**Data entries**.
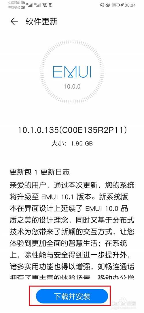 进入软件更新页面,点击【下载并安装】即可。如下图所示。
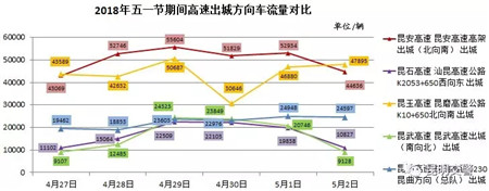 從圖中可以看出,2018年“五一”假期,出城方向的五條高速除昆曲高速車流量在假期末日(5月1日)達高峰外,其余高速車流量均在假期首日(4月29日)達到最高峰,其中,往滇西方向經(jīng)昆安高速出城車流量最多;往玉溪方向經(jīng)昆玉高速出城車流量次之;昆石、昆曲、昆武三條高速的車流量相差不大,均明顯低于昆楚、昆玉兩條高速的車流量。
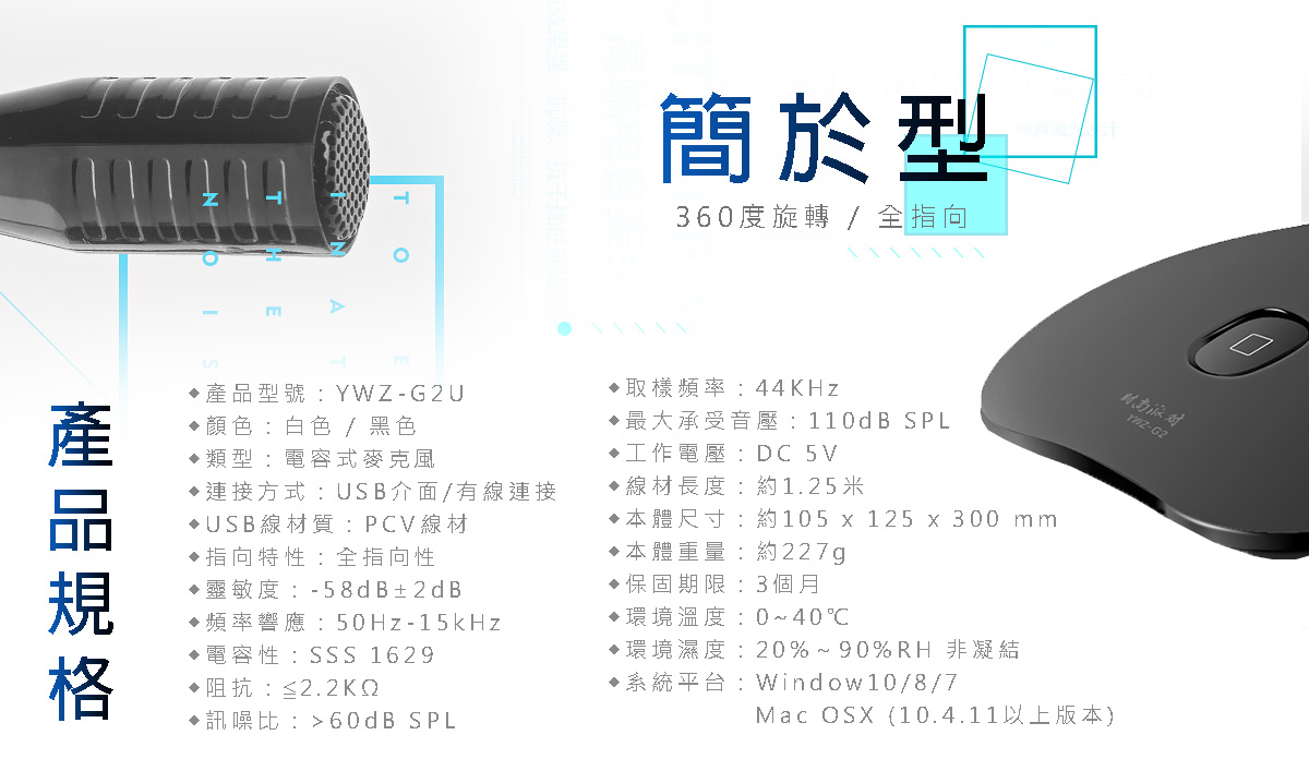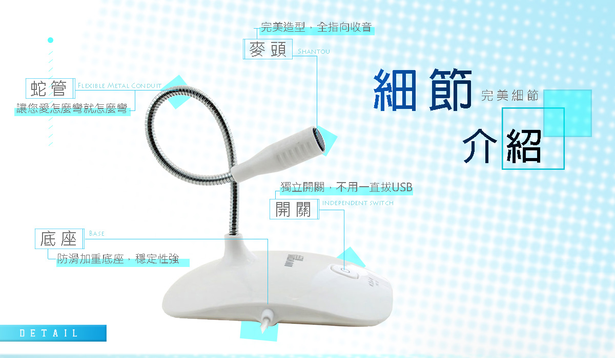 逸奇G2U高感度金屬軟管全指向電腦麥克風
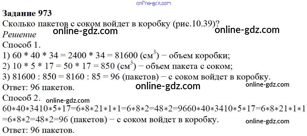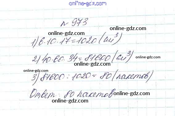 Готовые домашние задания по Математике за 5 класс Учебник Дорофеев, Шарыгин 2015 - 10.3. Объем параллелепипеда Глава 10. Многогранники 973
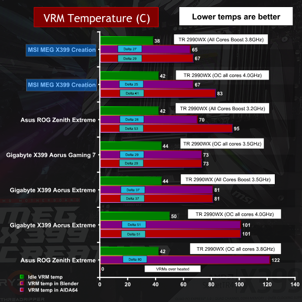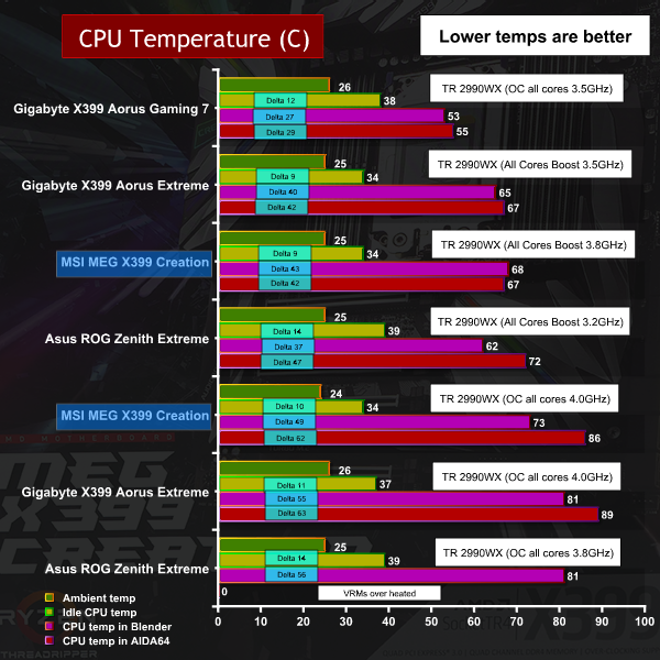 CPU temperature has a fairly direct relationship with Vcore and clock speed so it came as no surprise when we saw similar temperatures for the 2990WX overclocked to 4.0GHz on both the MSI MEG X399 Creation and Gigabyte X399 Aorus Xtreme. These two motherboards were the pick of the bunch in a group that included Gigabyte X399 Aorus Gaming 7 and Asus ROG Zenith Extreme.

**Work task**. Pictures excluded, repeat the records exactly from their opening line through the line containing "Готовые домашние задания".

**Answer section**.
 进入软件更新页面,点击【下载并安装】即可。如下图所示。
 從圖中可以看出,2018年“五一”假期,出城方向的五條高速除昆曲高速車流量在假期末日(5月1日)達高峰外,其余高速車流量均在假期首日(4月29日)達到最高峰,其中,往滇西方向經(jīng)昆安高速出城車流量最多;往玉溪方向經(jīng)昆玉高速出城車流量次之;昆石、昆曲、昆武三條高速的車流量相差不大,均明顯低于昆楚、昆玉兩條高速的車流量。
 逸奇G2U高感度金屬軟管全指向電腦麥克風
 Готовые домашние задания по Математике за 5 класс Учебник Дорофеев, Шарыгин 2015 - 10.3. Объем параллелепипеда Глава 10. Многогранники 973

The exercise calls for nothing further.